Ik vind het van groot belang dat EU-lidstaten en Commissie goed de
mogelijkheden benutten om een intensieve politieke beleidsdialoog met
ontvangende landen zoals Rwanda te voeren over hun beleid en daar zo nodig ook
consequenties aan verbinden. Daarom heb ik (met steun overigens van slechts één
andere lidstaat) in december jl. vanwege de situatie in Oost-Congo de
besluitvorming in Brussel over toekenning van het MDG-contract aan Rwanda
vertraagd en hierover uitgebreid met commissaris Michel gesproken. Ook heb ik
het initiatief genomen om de koppeling tussen EU-begrotingssteun en de politieke
dialoog te versterken.
Inmiddels is de situatie in de regio verbeterd. Dit is op 17 maart jl. in het
kader van een gecombineerde dialoog rond artikel 8 en begrotingssteun nog
besproken met de Rwandese overheid. Rwanda heeft met het militaire optreden in
Oost-Congo op verzoek van de Congolese overheid laten zien gecommitteerd te zijn
aan het beëindigen van dit conflict.
Vraag 4
Kunt u verklaren waarom Kagame tegen Dambisa Moyo zegt af te willen van hulp en
tegelijkertijd geld van de EU ontvangt?
Antwoord
Nee, wij hebben hierover geen concreet verzoek ontvangen. Uiteraard is ook ons
streven dat onze partners op termijn hulponafhankelijk zijn. Het afbouwen van
hulp zal niet van de ene op de andere dag te realiseren zijn, zeker als men in
ogenschouw neemt dat op dit moment ruim een kwart van de Rwandese nationale
begroting afkomstig is van buitenlandse donoren in de vorm van sectorale en
algemene begrotingssteun. In de artikel 8 dialoog van 17 maart jl. meldde de
Rwandese minister van buitenlandse zaken dat, wat Rwanda betreft, van afbouw van
hulp vooralsnog geen sprake kan zijn. Ik verwacht daarom ook niet dat Rwanda de
huidige donoren binnenkort zal vragen hun hulp aan Rwanda te staken.
Vraag 5
Bent u bereid in EU-verband te pleiten voor een intrekking van de 175 miljoen
euro begrotingssteun zolang onduidelijk is wat er precies tijdens de laatste
verkiezingen is gebeurd en wat nu precies de rol van Rwanda in Oost-Congo is?
Antwoord
Gezien het voorgaande ligt het niet voor de hand te pleiten voor intrekking van
de voorgenomen algemene begrotingssteun van de EU.
Vraag 6
Heeft u er vertrouwen in dat de komende presidentsverkiezingen eerlijk zullen
verlopen?
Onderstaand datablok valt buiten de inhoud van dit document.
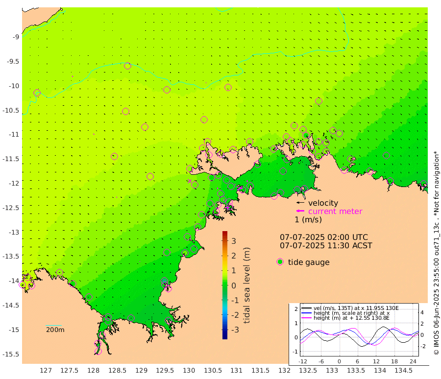 22cm/s -99T +4cm/s rms + 6cm/s 51T. Darwin_C1 52m 47cm/s -91T +4cm/s rms + 7cm/s -161T. Darwin_CW1 22m 2cm/s -105T +4cm/s rms + 8cm/s 61T. Darwin_CW2 34m 16cm/s -138T +3cm/s rms + 9cm/s 98T. Darwin_CW3 22m 14cm/s -92T +5cm/s rms + 7cm/s 88T. Darwin_C3 56m 4cm/s -109T +2cm/s rms + 9cm/s -126T. Darwin_CTbW 22m 5cm/s 122T +9cm/s rms + 2cm/s -110T. NWSLYN 196m 11cm/s 94T +1cm/s rms + 1cm/s -47T. DARBGF 30m 7cm/s 29T +7cm/s rms + 2cm/s -137T. ITFTIS 464m 7cm/s 51T +9cm/s rms + 1cm/s 74T. ITFMHB 146m 4cm/s 81T +4cm/s rms + 1cm/s -134T. ITFJBG 61m 9cm/s 87T +6cm/s rms + 4cm/s 121T. ITFFTB 108m 10cm/s 129T +4cm/s rms + 3cm/s 80T. NRSDAR 19m 62cm Carronade Island 61cm Guy Point 66cm Napier Broome Bay 53cm Lesueur Island 16cm Reveley Island 12cm Rocky Island -5cm Cape Domett 0cm Lacrosse Island -16cm Adolphus Island -19cm Pender Point -19cm Wyndham 65cm The Boxers 71cm Unnamed Shoal 73cm Loxton Shoal -21cm Pelican Island 72cm Calder Shoal 61cm Evans Shoal -49cm Quoin Island 5cm Port Keats -9cm Jones Point -89cm Catfish Island 18cm Cape Scott Offshore 44cm Cape Ford 17cm Anson Bay 63cm Goodrich Bank 26cm Peron Island North 28cm Point Jenny 31cm Native Point 21cm Fish Reef 24cm Tapa Bay 48cm Point Fawcett (Offshore) 25cm Burge Point 21cm Munkunuwa 39cm Beagle A 21cm Parsons Bank 24cm Fenton Patches 62cm Lynedoch Bank 15cm Hancox Shoal Area 20cm Nightcliff 17cm Darwin 25cm Charles Point Patches 5cm Glyde Point -14cm Chambers Bay -22cm Point Stuart 1cm Cape Hotham -5cm Christine Reef -29cm West Alligator Head -36cm East Field Island -1cm Two Hills Bay 70cm Newby Shoal 3cm Camp Point 25cm Medina Inlet South 57cm South Barlow Point 57cm St. Asaph Bay 64cm Cape Van Dieman 69cm Snake Bay 61cm Cache Point 67cm Echo Shoal 53cm Point Jahleel (Off) 35cm Cape Don 49cm Port Essington 50cm Smith Point - West 52cm NW Peacock Island 55cm North Of Jones Shoal 19cm Peacock Island 45cm Point David 51cm D'urville Point 51cm Money Shoal 40cm Copeland Island 54cm Cape Cockburn 45cm One Tree Point 50cm Hogmany Shoal 49cm New Year Island - West 48cm Grant Island 28cm Aurari Bay 23cm Cuthbert Point 38cm North Goulburn Island 17cm Paxie Shoal 14cm Entrance Island -7cm Yabooma Island

Bent u van plan om met het bestaande regime een kritische dialoog aan
te gaan, teneinde druk uit te oefenen om te komen tot een eerlijk
verkiezingsproces, waarbij de andere presidentskandidaten niets in de weg wordt
gelegd en kiezers niet onder druk worden gezet?
Antwoord
Het verloop van de verkiezingen in 2010 is een belangrijke mijlpaal voor de
ontwikkeling van Rwanda en voor de opbouw van een stabielere, inclusieve
samenleving. Ik acht het van groot belang dat de verkiezingen eerlijk en
transparant verlopen. In mijn contacten met mijn Rwandese gesprekspartners zal
ik dat ook benadrukken. De Nederlandse ambassade te Kigali is met de overige
donoren reeds in een kritische dialoog getreden met de Rwandese nationale
verkiezingscommissie over het verkiezingsproces en de gewenste en tijdige
hervormingen van de Kieswet o.a. op basis van het EU-waarnemingsrapport.